- Exercise directions -
Only the lines from the line that contains "Daha öncesinde uzaydaki" through the final line of the entries below belong in your answer, copied exactly and without pictures.

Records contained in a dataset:
********
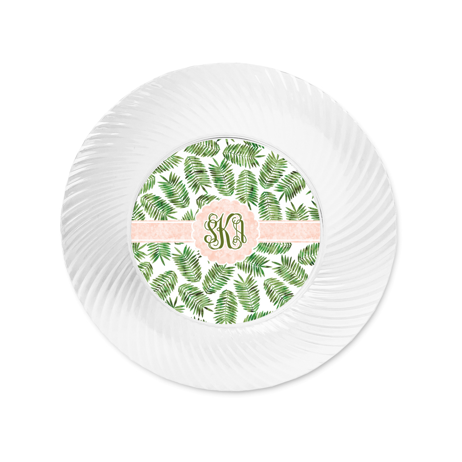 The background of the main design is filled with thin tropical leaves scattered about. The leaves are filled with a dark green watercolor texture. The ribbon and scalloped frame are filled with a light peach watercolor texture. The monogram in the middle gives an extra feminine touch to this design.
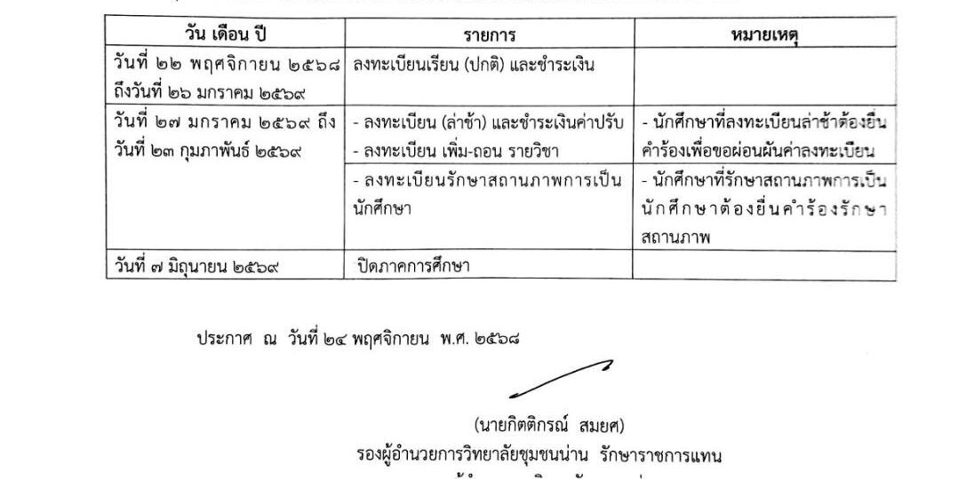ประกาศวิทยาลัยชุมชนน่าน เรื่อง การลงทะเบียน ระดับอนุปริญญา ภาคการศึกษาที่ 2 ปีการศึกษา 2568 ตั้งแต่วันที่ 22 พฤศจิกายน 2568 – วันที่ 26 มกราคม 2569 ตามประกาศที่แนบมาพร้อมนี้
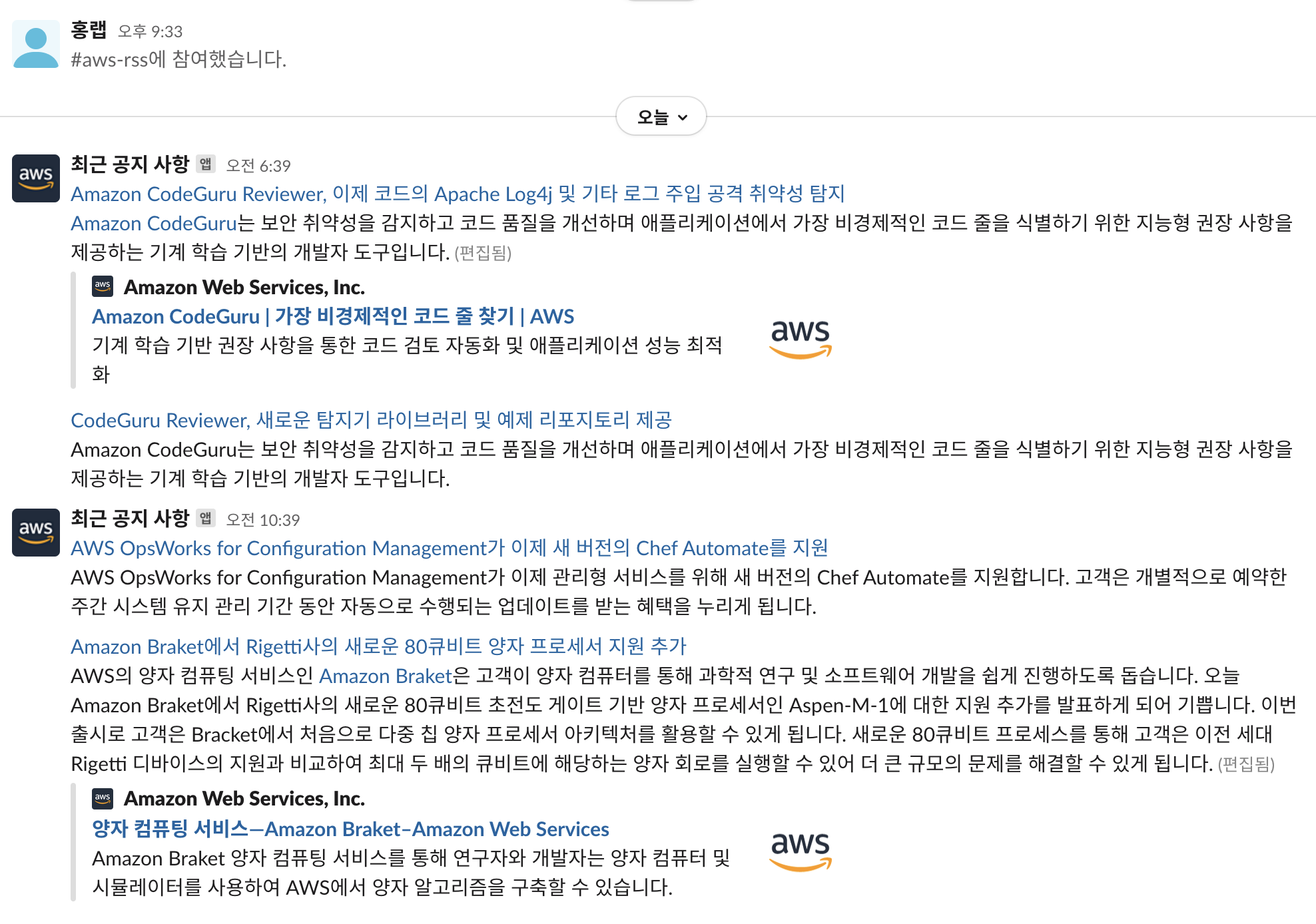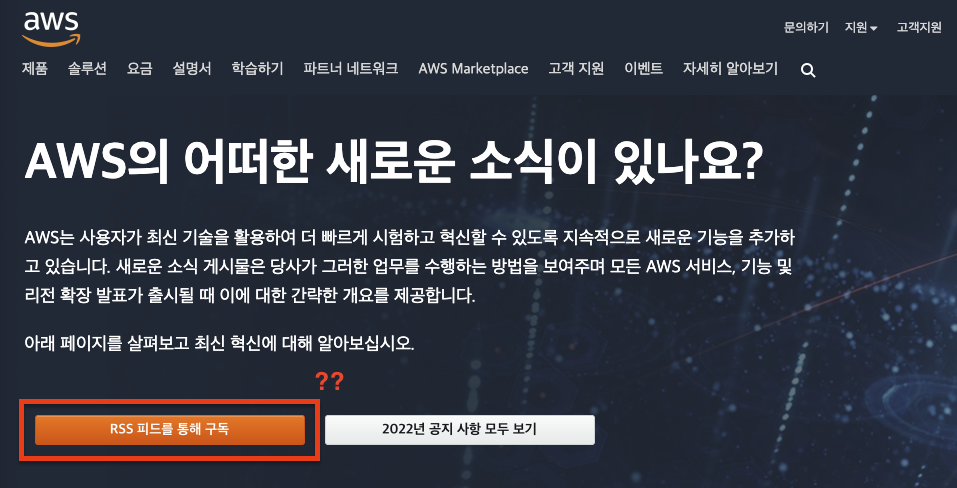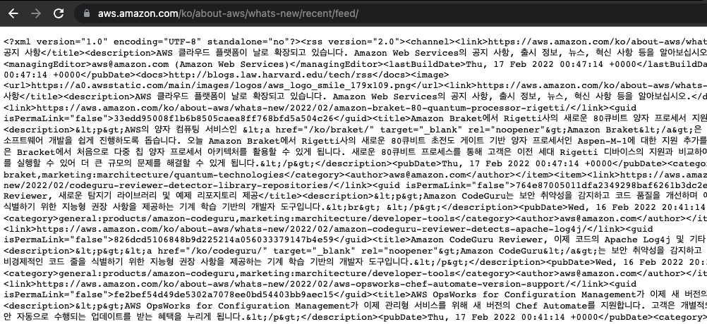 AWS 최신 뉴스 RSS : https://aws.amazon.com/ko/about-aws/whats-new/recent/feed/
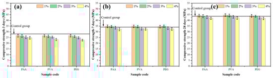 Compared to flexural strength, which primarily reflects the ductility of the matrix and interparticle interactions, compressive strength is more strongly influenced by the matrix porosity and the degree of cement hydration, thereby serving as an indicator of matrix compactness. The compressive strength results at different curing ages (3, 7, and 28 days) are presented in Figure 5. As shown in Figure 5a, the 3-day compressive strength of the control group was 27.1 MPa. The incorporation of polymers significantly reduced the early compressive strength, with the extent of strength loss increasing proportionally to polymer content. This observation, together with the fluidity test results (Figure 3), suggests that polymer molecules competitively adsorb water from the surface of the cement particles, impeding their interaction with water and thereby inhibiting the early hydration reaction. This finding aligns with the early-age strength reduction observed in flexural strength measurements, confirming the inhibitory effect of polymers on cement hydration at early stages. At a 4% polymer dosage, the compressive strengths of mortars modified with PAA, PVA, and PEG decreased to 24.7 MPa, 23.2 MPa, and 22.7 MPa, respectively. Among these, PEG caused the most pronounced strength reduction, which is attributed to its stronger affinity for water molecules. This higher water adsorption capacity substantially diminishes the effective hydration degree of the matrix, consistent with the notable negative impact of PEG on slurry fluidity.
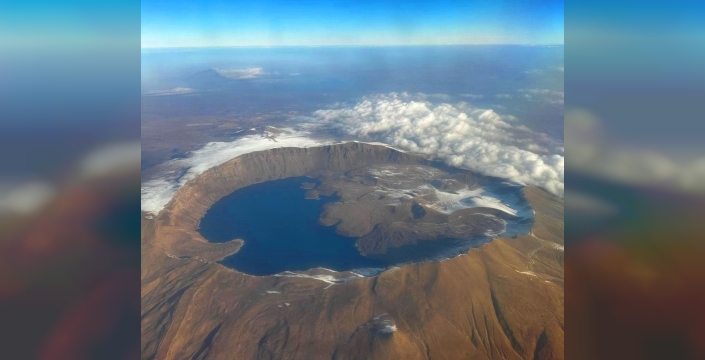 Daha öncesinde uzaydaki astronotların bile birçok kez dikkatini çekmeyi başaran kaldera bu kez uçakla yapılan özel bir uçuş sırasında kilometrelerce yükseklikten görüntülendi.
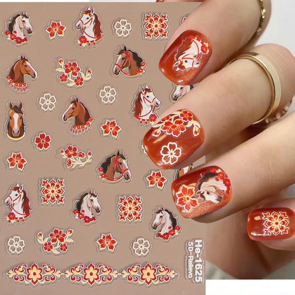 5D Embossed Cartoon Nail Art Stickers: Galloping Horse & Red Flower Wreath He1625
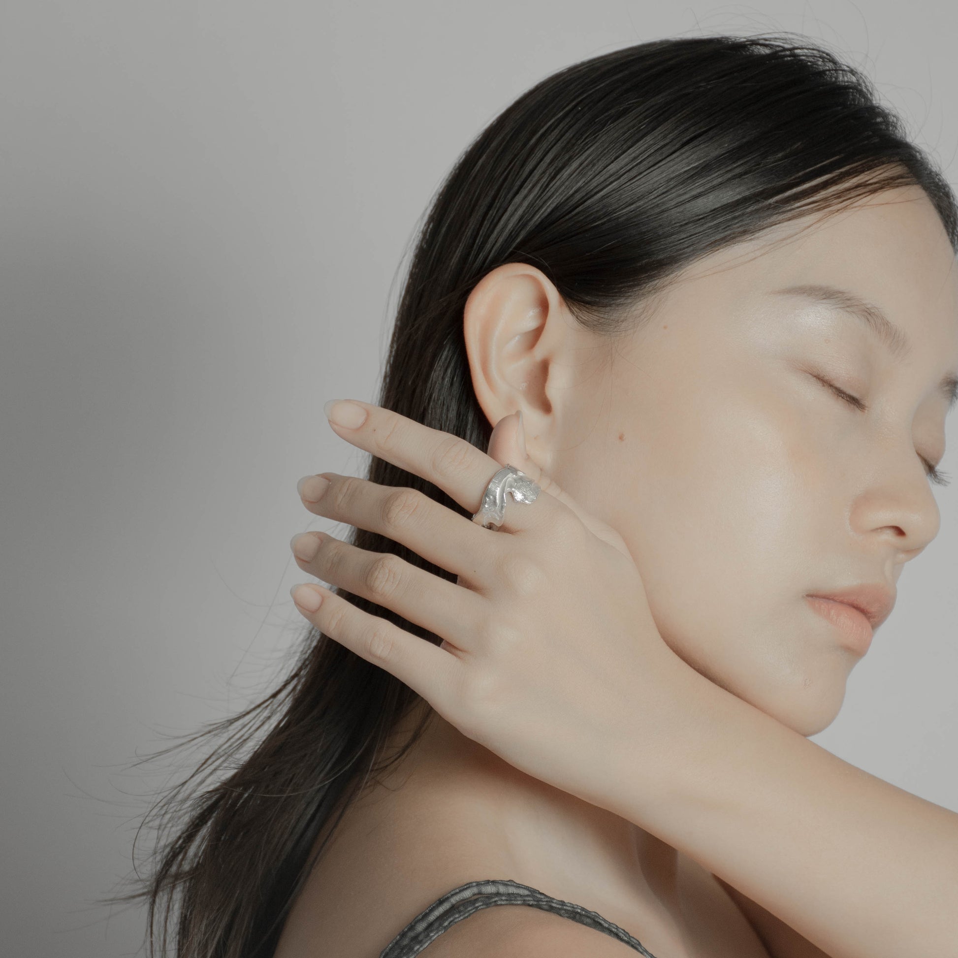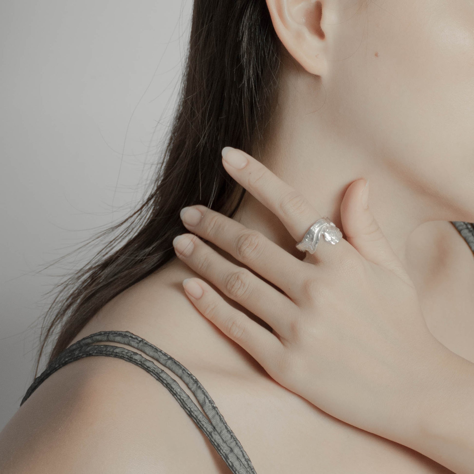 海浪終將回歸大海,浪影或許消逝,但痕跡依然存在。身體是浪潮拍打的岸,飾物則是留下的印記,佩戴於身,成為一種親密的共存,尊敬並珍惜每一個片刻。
********
- Task answer -
 Daha öncesinde uzaydaki astronotların bile birçok kez dikkatini çekmeyi başaran kaldera bu kez uçakla yapılan özel bir uçuş sırasında kilometrelerce yükseklikten görüntülendi.
 5D Embossed Cartoon Nail Art Stickers: Galloping Horse & Red Flower Wreath He1625
 海浪終將回歸大海,浪影或許消逝,但痕跡依然存在。身體是浪潮拍打的岸,飾物則是留下的印記,佩戴於身,成為一種親密的共存,尊敬並珍惜每一個片刻。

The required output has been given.